Con questo escamotage, Calvino è riuscito a capovolgere gli assunti di qualsiasi morale tradizionale: la menzogna, il furto, la sopraffazione, saranno giustificati e benedetti se servono a garantire “il successo”, una mentalità che ha aperto la porta agli aspetti più pirateschi del capitalismo moderno, una morale da squali.

Il panorama religioso degli Stati Uniti è apparentemente molto frammentato in una miriade quasi infinita di Chiese, sette e religioni, ma ciò non deve ingannare, la mentalità di fondo è calvinista.

Quello che vale a livello di singoli vale anche, e a maggior ragione, a livello di collettività. Gli Stati Uniti si percepiscono come una nazione (prescindiamo dal fatto che non sono neppure una nazione, ma un’accozzaglia ibrida) “vincente”, in diritto e in dovere di imporre la sua legge al mondo intero, è la persuasione che essi esprimono nel concetto di “destino manifesto”. Costoro sono sempre convinti di essere dalla parte giusta, “i buoni” in quanto vincitori.

Lo sterminio di milioni di americani nativi, quattro milioni di morti civili in Europa in seguito ai bombardamenti terroristici della seconda guerra mondiale, due olocausti nucleari sul Giappone già arreso, il Vietnam inondato di napalm per essere poi sconfitti dal pigmeo indocinese, trascurabili inezie. Questo concetto di “destino manifesto” è molto simile a quello ebraico di “popolo eletto”, e non è un caso.

Tutto ciò stride totalmente con la tradizione europea, che non solo ammette il valore sfortunato, ma riconosce che a volte può brillare di una luce più fulgida della vittoria.
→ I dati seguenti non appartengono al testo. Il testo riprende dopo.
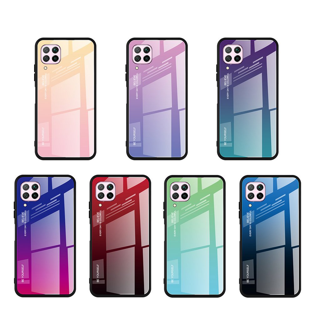 Tampa durável de vidro gradiente com parte traseira de vidro temperado Huawei P40 Lite - Nova 7i - Nova 6 SE verde-roxo
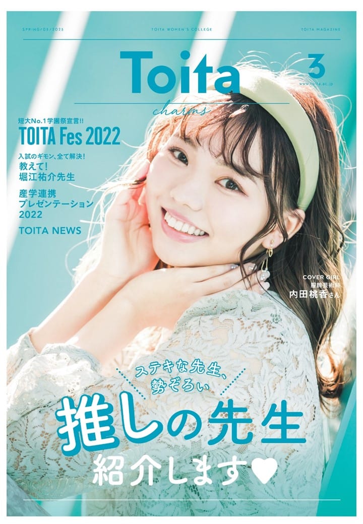 戸板女子短期大学のパンフレット「TOITA charms」は、まるで女性ファッション誌のようなデザインで高校生に人気を博しています。
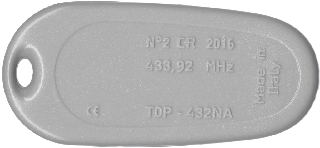 Пульт TOP 432NA для шлагбаумов и ворот.Краткое руководство:Для добавления брелков TOP:1 - нажать 2 кнопки одновременно и удерживать, пока индикатор не будет мигать быстрее; 2 - нажать кнопку, которую необходимо активировать (индикатор загорается ровным светом); 3 - в течение 10 с поднести рабочий брелок снизу и сзади к новому и нажать рабочую кнопку на несколько секунд. После записи кода индикатор должен вспыхнуть 3 раза, брелок готов к работе. Для другой кнопки повторить п.п. 1-3. Для новой системы: Записать код брелка на блок управления согласно документации, после чего выполнить процедуру добавления. Инструкция
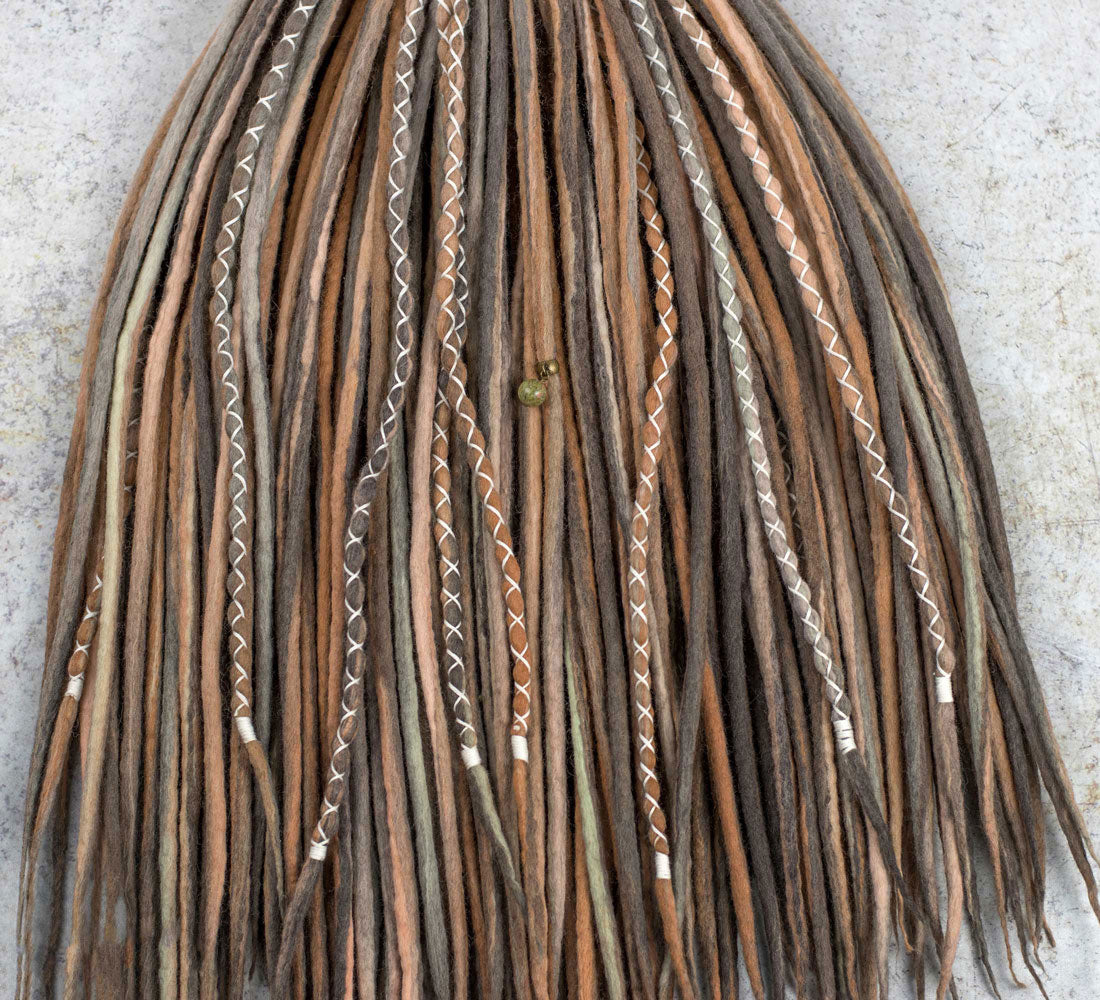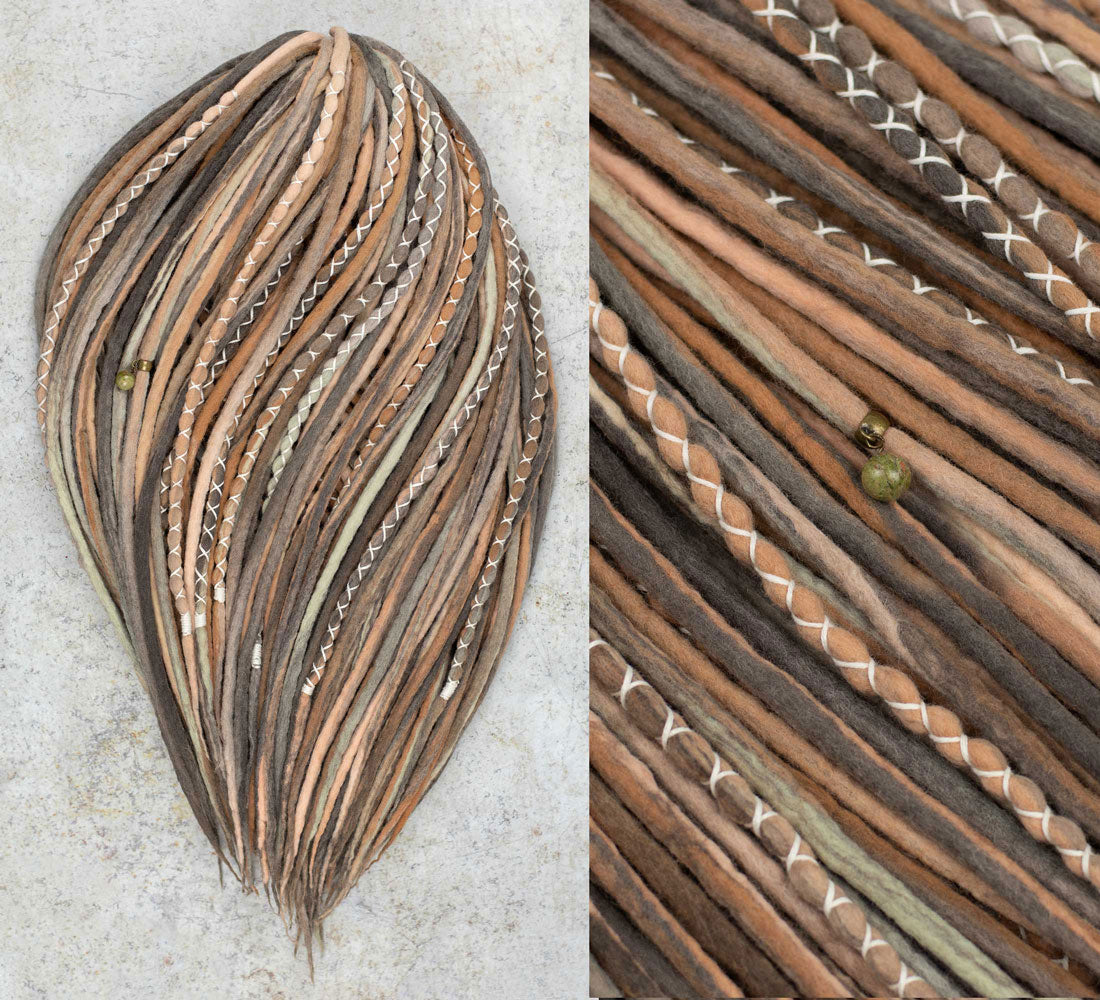 The mill dyed wool and yarn is toxic free, and complies with the OEKO-TEX 100 and GOTS requirements. We use high quality mulesing free extra fine merino wool for dreads. The dreadlocks are decorated with cotton yarn. We make the dreads with wet felting technique.
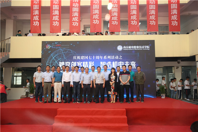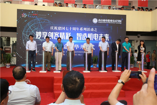 为激发广大创客创新潜能和源动力,传达创客生活方式,展示创客校园建设成果,丰富创客文化,促进创客交流,探讨创客教育的理论与实践,引领创客教育,2019年5月22日,南京机电职业技术学院庆祝中华人民共和国成立70周年系列活动之“妙享创客精彩 ,智造机电未来”2019年第三届创客嘉年华在学院知行楼中庭举行了盛大的开幕仪式。南京机电职业技术学院党委书记、院长周庆礼、南京机电产业集团党委书记、总经理卢北宁、南京市教育局职教教研室主任章鸿、南京工程学院工业中心副主任,创新创业学院副院长陈巍 、江宁科学技术协会副主席姚本祥、南京市东山小学副校长李一婷等校内外领导和嘉宾出席了开幕仪式。

I trecento spartani di Leonida alle Termopili, Kossovo Polje dove la migliore gioventù serba si fece massacrare per sbarrare la strada agli Ottomani, Pozzuolo del Friuli nella prima guerra mondiale, dove dopo il disastro di Caporetto, il Genova cavalleria si immolò fino all’ultimo uomo per permettere all’esercito italiano di ripararsi oltre la linea del Piave, la Folgore a El Alamein, la Tridentina a Nikolaewka, la Charlemagne schierata a difesa di Berlino.

“Mancò la fortuna, non il valore”, questo concetto sarebbe per gli yankee del tutto incomprensibile.

È normale che i reduci di un esercito sconfitto non siano accolti dalla popolazione con lo stesso entusiasmo dei vincitori, ma, ad esempio, i reduci del Vietnam sono stati trattati dalla popolazione americana con autentica, feroce ostilità, colpevoli, facendosi battere dal piccolo Vietnam, di aver distrutto in mito dell’invincibilità americana, ma qualcosa di ancor più clamoroso è avvenuto con l’attentato alle Twin Towers dell’11 settembre 2001. In quella circostanza, in seguito alle esplosioni, scoppiarono diversi incendi nella struttura delle due torri. Diverse persone che si trovavano ai piani alti, si gettarono nel vuoto, preferendo una morte rapida a un’atroce agonia tra le fiamme.

In quell’occasione fu scattata una foto, divenuta poi emblematica della tragedia, di un uomo che precipitava: the falling man.

La foto non è molto chiara, e the falling man non si è potuto mai identificare con certezza, d’altra parte sappiamo che in quel tragico giorno non è stato certo il solo a comportarsi in tal modo.

Ciò non toglie che varie famiglie di vittime delle Twin Towers sospettate di essere the falling man sono state sottoposte dai vicini a feroci atti di ostilità e mobbing, costringendole a cambiare città e a nascondersi dietro identità fasulle.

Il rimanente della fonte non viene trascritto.